─── DATA ───

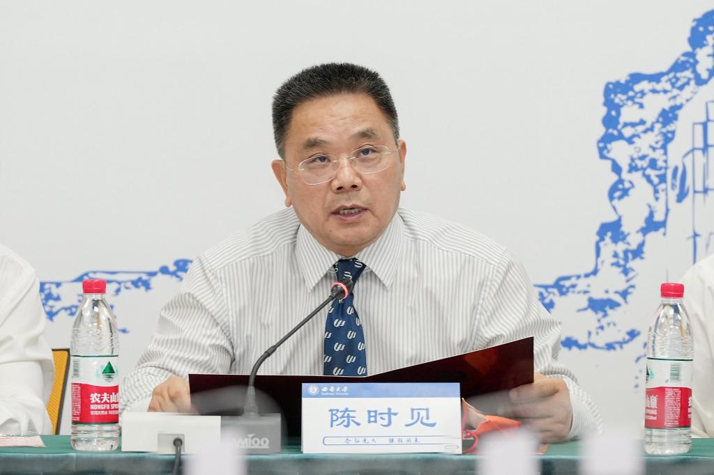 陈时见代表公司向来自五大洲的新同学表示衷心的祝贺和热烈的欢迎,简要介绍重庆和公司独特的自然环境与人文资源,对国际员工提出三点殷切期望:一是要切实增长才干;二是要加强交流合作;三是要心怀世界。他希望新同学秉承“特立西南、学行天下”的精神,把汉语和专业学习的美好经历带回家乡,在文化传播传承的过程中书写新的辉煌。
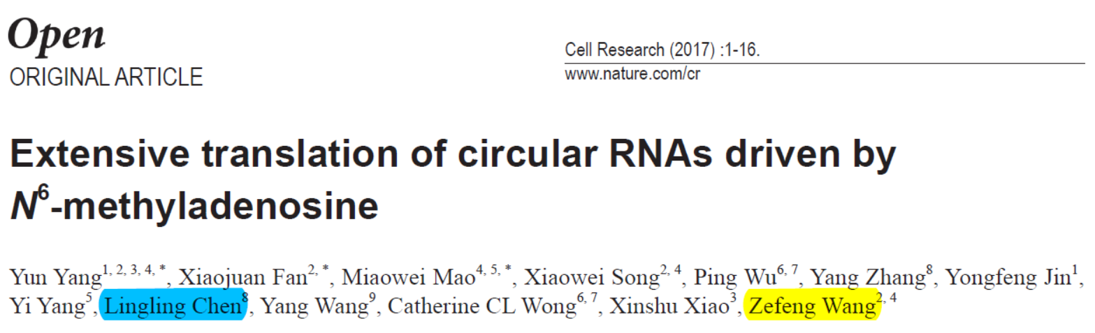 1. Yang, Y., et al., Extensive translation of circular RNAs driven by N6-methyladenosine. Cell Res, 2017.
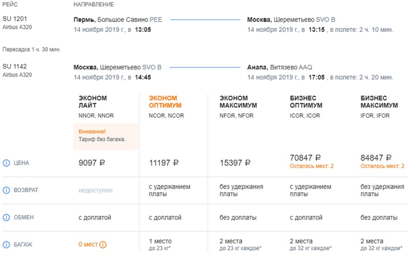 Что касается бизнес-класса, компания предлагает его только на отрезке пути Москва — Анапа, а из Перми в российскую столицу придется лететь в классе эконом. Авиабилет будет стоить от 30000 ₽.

───
─── DATA ───

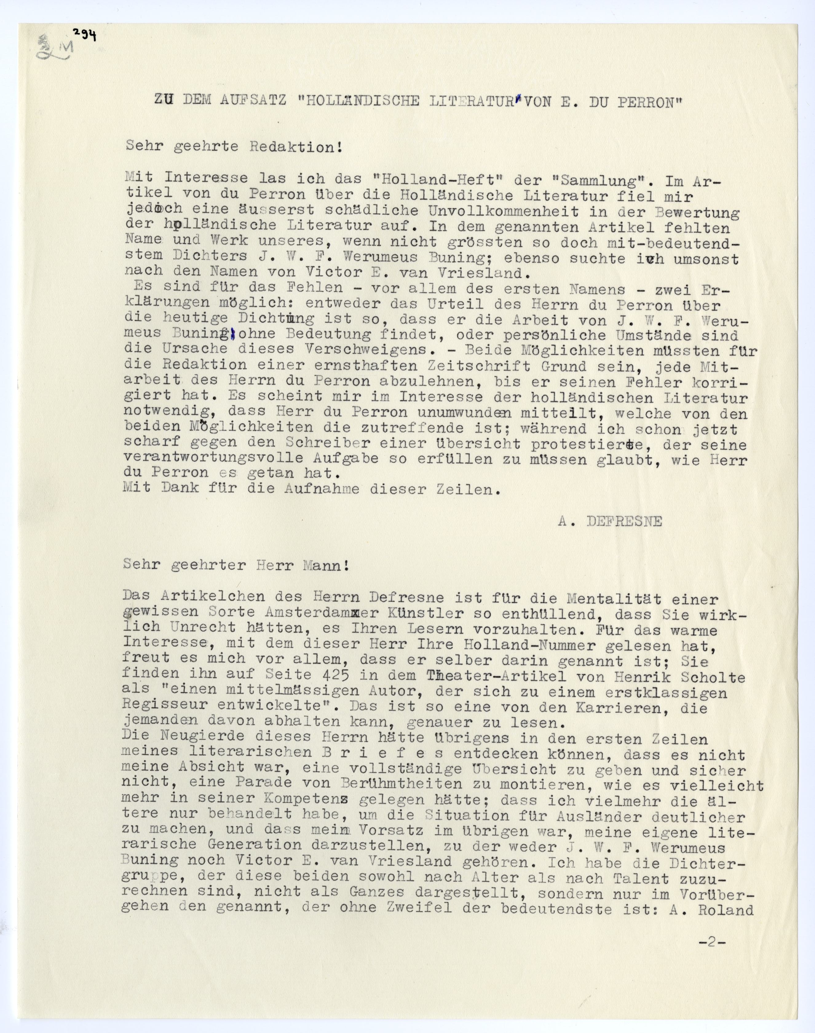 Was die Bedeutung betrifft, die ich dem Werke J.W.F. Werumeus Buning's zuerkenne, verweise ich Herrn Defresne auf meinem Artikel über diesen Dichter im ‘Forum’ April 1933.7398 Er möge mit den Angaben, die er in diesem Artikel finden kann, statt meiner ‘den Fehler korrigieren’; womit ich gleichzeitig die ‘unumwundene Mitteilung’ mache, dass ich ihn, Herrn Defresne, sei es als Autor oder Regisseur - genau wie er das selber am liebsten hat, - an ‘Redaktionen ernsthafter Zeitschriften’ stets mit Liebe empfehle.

───

* WHAT IS BEING ASKED *
What you return must match, character for character, the lines above from the one with "1. Yang, Y., et" through the one with "Что касается бизнес-класса, компания", minus any pictures.

* ANSWER *
 1. Yang, Y., et al., Extensive translation of circular RNAs driven by N6-methyladenosine. Cell Res, 2017.
 Что касается бизнес-класса, компания предлагает его только на отрезке пути Москва — Анапа, а из Перми в российскую столицу придется лететь в классе эконом. Авиабилет будет стоить от 30000 ₽.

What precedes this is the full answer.